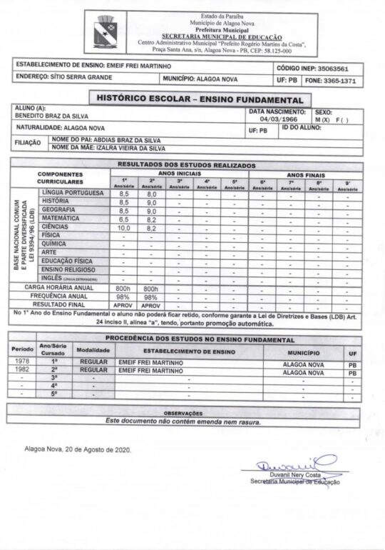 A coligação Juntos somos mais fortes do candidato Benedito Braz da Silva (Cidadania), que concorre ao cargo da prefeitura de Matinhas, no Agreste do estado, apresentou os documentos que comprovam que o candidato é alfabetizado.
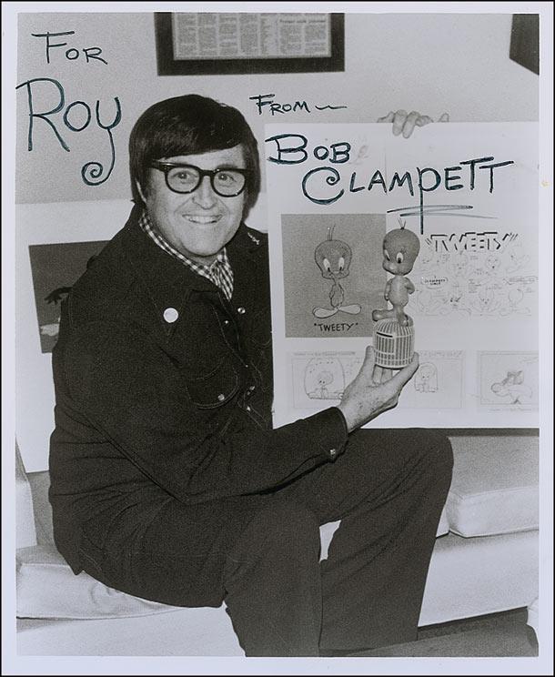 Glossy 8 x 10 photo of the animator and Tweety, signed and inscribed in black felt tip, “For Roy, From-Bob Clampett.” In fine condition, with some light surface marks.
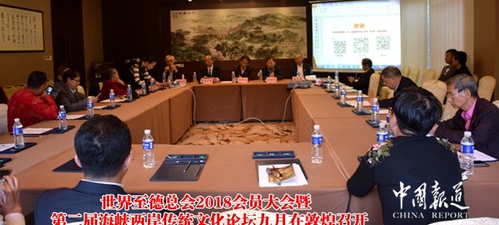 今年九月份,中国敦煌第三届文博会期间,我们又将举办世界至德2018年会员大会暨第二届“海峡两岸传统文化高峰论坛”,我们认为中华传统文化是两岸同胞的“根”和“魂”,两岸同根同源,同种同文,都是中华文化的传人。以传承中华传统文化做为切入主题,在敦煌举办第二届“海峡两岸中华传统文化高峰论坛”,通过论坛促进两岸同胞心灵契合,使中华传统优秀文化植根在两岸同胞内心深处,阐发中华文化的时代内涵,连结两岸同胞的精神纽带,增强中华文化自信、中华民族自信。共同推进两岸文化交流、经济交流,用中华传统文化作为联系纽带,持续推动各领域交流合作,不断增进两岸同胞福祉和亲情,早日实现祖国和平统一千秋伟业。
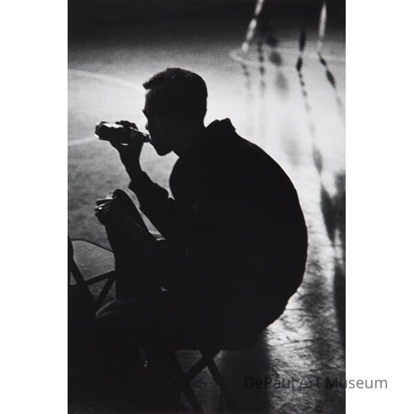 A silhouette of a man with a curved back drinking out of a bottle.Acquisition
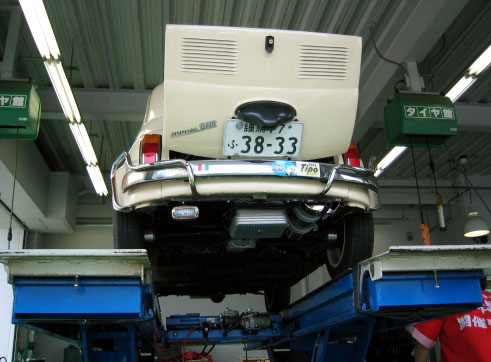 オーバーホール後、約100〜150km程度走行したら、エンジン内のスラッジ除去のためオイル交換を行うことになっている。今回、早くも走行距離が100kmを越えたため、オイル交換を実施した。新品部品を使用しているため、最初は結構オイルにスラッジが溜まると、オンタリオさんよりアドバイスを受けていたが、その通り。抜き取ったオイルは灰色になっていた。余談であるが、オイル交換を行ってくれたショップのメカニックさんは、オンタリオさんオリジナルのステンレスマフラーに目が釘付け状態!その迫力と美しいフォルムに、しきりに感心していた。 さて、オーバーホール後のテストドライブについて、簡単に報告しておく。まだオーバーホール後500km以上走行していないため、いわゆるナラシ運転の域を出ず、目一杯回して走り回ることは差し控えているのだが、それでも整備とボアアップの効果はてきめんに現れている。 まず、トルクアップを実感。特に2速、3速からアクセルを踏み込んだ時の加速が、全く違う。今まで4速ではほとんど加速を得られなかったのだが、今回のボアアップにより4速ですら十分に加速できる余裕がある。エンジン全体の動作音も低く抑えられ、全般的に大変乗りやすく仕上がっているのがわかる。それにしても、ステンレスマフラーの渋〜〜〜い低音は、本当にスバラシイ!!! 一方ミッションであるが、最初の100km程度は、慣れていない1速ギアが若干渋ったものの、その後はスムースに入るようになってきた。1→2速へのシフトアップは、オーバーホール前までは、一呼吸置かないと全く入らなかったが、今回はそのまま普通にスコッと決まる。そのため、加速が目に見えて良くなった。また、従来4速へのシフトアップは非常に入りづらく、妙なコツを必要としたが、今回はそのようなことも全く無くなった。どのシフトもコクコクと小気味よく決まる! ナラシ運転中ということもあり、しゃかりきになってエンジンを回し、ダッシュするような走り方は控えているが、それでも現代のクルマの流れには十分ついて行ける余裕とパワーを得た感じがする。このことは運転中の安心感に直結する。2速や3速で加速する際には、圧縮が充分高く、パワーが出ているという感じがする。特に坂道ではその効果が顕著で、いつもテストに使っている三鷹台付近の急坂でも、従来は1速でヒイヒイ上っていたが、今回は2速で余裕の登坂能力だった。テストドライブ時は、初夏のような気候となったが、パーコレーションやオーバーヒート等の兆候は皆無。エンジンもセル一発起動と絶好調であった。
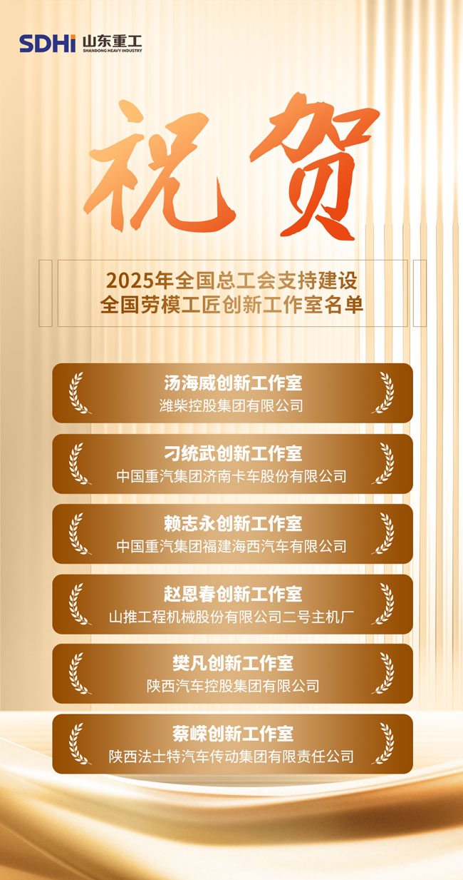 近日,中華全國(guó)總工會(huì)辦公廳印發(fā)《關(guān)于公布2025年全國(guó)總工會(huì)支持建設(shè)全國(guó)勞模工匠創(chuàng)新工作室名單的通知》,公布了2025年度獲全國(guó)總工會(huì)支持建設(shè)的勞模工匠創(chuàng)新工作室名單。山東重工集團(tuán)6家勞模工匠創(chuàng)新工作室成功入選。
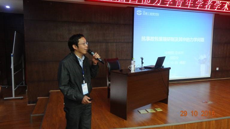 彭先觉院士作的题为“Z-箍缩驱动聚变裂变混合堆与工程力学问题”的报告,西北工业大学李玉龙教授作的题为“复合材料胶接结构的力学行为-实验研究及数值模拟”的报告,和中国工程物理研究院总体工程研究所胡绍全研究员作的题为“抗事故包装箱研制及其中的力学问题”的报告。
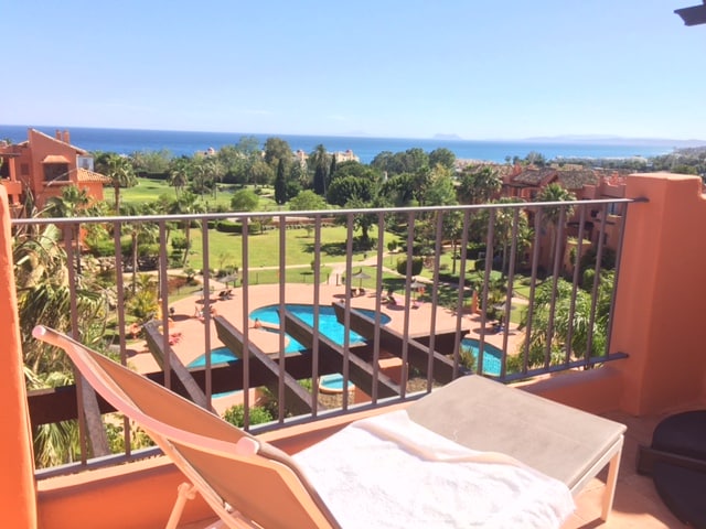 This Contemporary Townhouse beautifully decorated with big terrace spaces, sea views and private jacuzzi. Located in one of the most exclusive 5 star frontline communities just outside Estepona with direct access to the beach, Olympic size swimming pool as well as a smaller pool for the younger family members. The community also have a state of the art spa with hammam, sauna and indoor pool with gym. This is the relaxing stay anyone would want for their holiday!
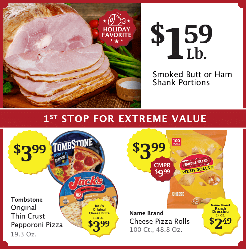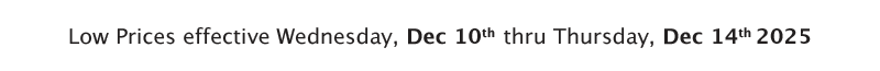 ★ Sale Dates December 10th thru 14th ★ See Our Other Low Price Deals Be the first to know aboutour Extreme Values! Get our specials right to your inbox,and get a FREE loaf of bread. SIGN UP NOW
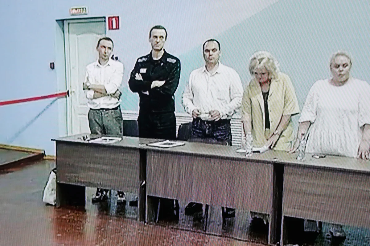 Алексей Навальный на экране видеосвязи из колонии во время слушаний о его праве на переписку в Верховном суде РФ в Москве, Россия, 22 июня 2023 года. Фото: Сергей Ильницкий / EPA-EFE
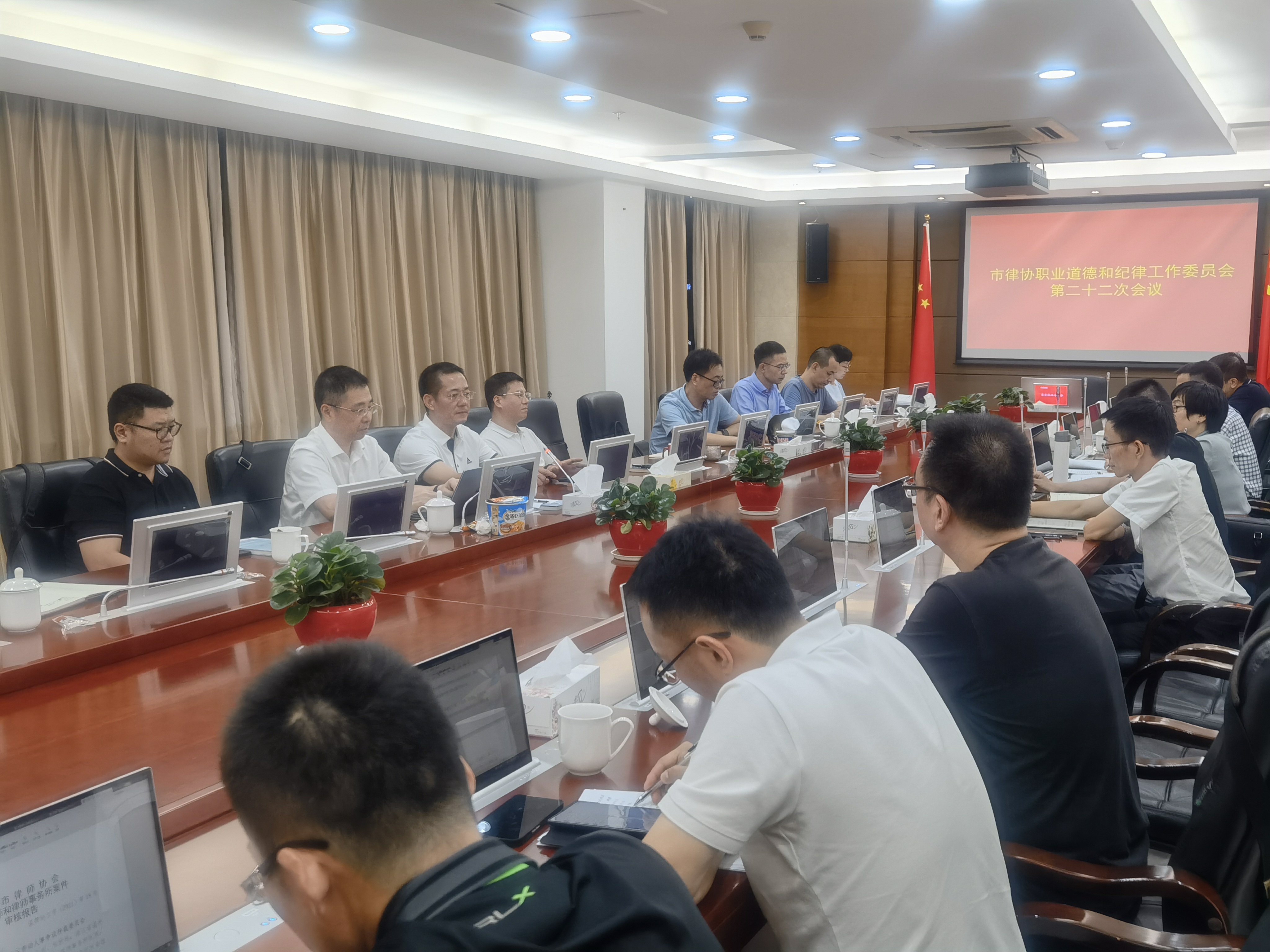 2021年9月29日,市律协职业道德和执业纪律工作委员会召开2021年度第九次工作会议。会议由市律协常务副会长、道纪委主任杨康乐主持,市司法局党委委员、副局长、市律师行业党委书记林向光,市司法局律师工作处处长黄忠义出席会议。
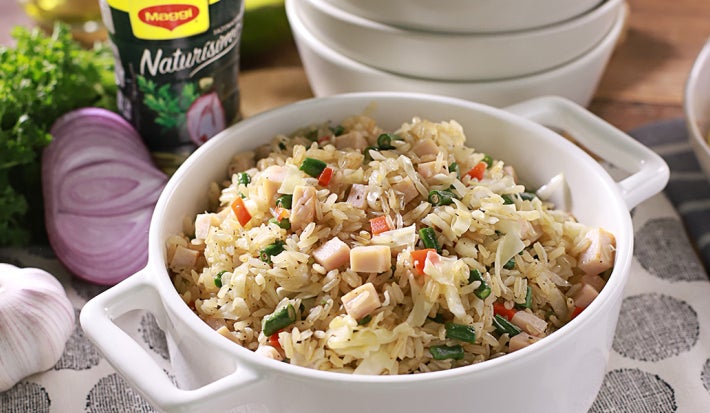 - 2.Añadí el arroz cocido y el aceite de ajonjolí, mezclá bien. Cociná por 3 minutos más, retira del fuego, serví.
....................
◆ **Requirement**
With the pictures removed, copy the data above word for word.

◆ **Response area**
 A coligação Juntos somos mais fortes do candidato Benedito Braz da Silva (Cidadania), que concorre ao cargo da prefeitura de Matinhas, no Agreste do estado, apresentou os documentos que comprovam que o candidato é alfabetizado.
 Glossy 8 x 10 photo of the animator and Tweety, signed and inscribed in black felt tip, “For Roy, From-Bob Clampett.” In fine condition, with some light surface marks.
 今年九月份,中国敦煌第三届文博会期间,我们又将举办世界至德2018年会员大会暨第二届“海峡两岸传统文化高峰论坛”,我们认为中华传统文化是两岸同胞的“根”和“魂”,两岸同根同源,同种同文,都是中华文化的传人。以传承中华传统文化做为切入主题,在敦煌举办第二届“海峡两岸中华传统文化高峰论坛”,通过论坛促进两岸同胞心灵契合,使中华传统优秀文化植根在两岸同胞内心深处,阐发中华文化的时代内涵,连结两岸同胞的精神纽带,增强中华文化自信、中华民族自信。共同推进两岸文化交流、经济交流,用中华传统文化作为联系纽带,持续推动各领域交流合作,不断增进两岸同胞福祉和亲情,早日实现祖国和平统一千秋伟业。
 A silhouette of a man with a curved back drinking out of a bottle.Acquisition
 オーバーホール後、約100〜150km程度走行したら、エンジン内のスラッジ除去のためオイル交換を行うことになっている。今回、早くも走行距離が100kmを越えたため、オイル交換を実施した。新品部品を使用しているため、最初は結構オイルにスラッジが溜まると、オンタリオさんよりアドバイスを受けていたが、その通り。抜き取ったオイルは灰色になっていた。余談であるが、オイル交換を行ってくれたショップのメカニックさんは、オンタリオさんオリジナルのステンレスマフラーに目が釘付け状態!その迫力と美しいフォルムに、しきりに感心していた。 さて、オーバーホール後のテストドライブについて、簡単に報告しておく。まだオーバーホール後500km以上走行していないため、いわゆるナラシ運転の域を出ず、目一杯回して走り回ることは差し控えているのだが、それでも整備とボアアップの効果はてきめんに現れている。 まず、トルクアップを実感。特に2速、3速からアクセルを踏み込んだ時の加速が、全く違う。今まで4速ではほとんど加速を得られなかったのだが、今回のボアアップにより4速ですら十分に加速できる余裕がある。エンジン全体の動作音も低く抑えられ、全般的に大変乗りやすく仕上がっているのがわかる。それにしても、ステンレスマフラーの渋〜〜〜い低音は、本当にスバラシイ!!! 一方ミッションであるが、最初の100km程度は、慣れていない1速ギアが若干渋ったものの、その後はスムースに入るようになってきた。1→2速へのシフトアップは、オーバーホール前までは、一呼吸置かないと全く入らなかったが、今回はそのまま普通にスコッと決まる。そのため、加速が目に見えて良くなった。また、従来4速へのシフトアップは非常に入りづらく、妙なコツを必要としたが、今回はそのようなことも全く無くなった。どのシフトもコクコクと小気味よく決まる! ナラシ運転中ということもあり、しゃかりきになってエンジンを回し、ダッシュするような走り方は控えているが、それでも現代のクルマの流れには十分ついて行ける余裕とパワーを得た感じがする。このことは運転中の安心感に直結する。2速や3速で加速する際には、圧縮が充分高く、パワーが出ているという感じがする。特に坂道ではその効果が顕著で、いつもテストに使っている三鷹台付近の急坂でも、従来は1速でヒイヒイ上っていたが、今回は2速で余裕の登坂能力だった。テストドライブ時は、初夏のような気候となったが、パーコレーションやオーバーヒート等の兆候は皆無。エンジンもセル一発起動と絶好調であった。
 近日,中華全國(guó)總工會(huì)辦公廳印發(fā)《關(guān)于公布2025年全國(guó)總工會(huì)支持建設(shè)全國(guó)勞模工匠創(chuàng)新工作室名單的通知》,公布了2025年度獲全國(guó)總工會(huì)支持建設(shè)的勞模工匠創(chuàng)新工作室名單。山東重工集團(tuán)6家勞模工匠創(chuàng)新工作室成功入選。
 彭先觉院士作的题为“Z-箍缩驱动聚变裂变混合堆与工程力学问题”的报告,西北工业大学李玉龙教授作的题为“复合材料胶接结构的力学行为-实验研究及数值模拟”的报告,和中国工程物理研究院总体工程研究所胡绍全研究员作的题为“抗事故包装箱研制及其中的力学问题”的报告。
 This Contemporary Townhouse beautifully decorated with big terrace spaces, sea views and private jacuzzi. Located in one of the most exclusive 5 star frontline communities just outside Estepona with direct access to the beach, Olympic size swimming pool as well as a smaller pool for the younger family members. The community also have a state of the art spa with hammam, sauna and indoor pool with gym. This is the relaxing stay anyone would want for their holiday!
 ★ Sale Dates December 10th thru 14th ★ See Our Other Low Price Deals Be the first to know aboutour Extreme Values! Get our specials right to your inbox,and get a FREE loaf of bread. SIGN UP NOW
 Алексей Навальный на экране видеосвязи из колонии во время слушаний о его праве на переписку в Верховном суде РФ в Москве, Россия, 22 июня 2023 года. Фото: Сергей Ильницкий / EPA-EFE
 2021年9月29日,市律协职业道德和执业纪律工作委员会召开2021年度第九次工作会议。会议由市律协常务副会长、道纪委主任杨康乐主持,市司法局党委委员、副局长、市律师行业党委书记林向光,市司法局律师工作处处长黄忠义出席会议。
 - 2.Añadí el arroz cocido y el aceite de ajonjolí, mezclá bien. Cociná por 3 minutos más, retira del fuego, serví.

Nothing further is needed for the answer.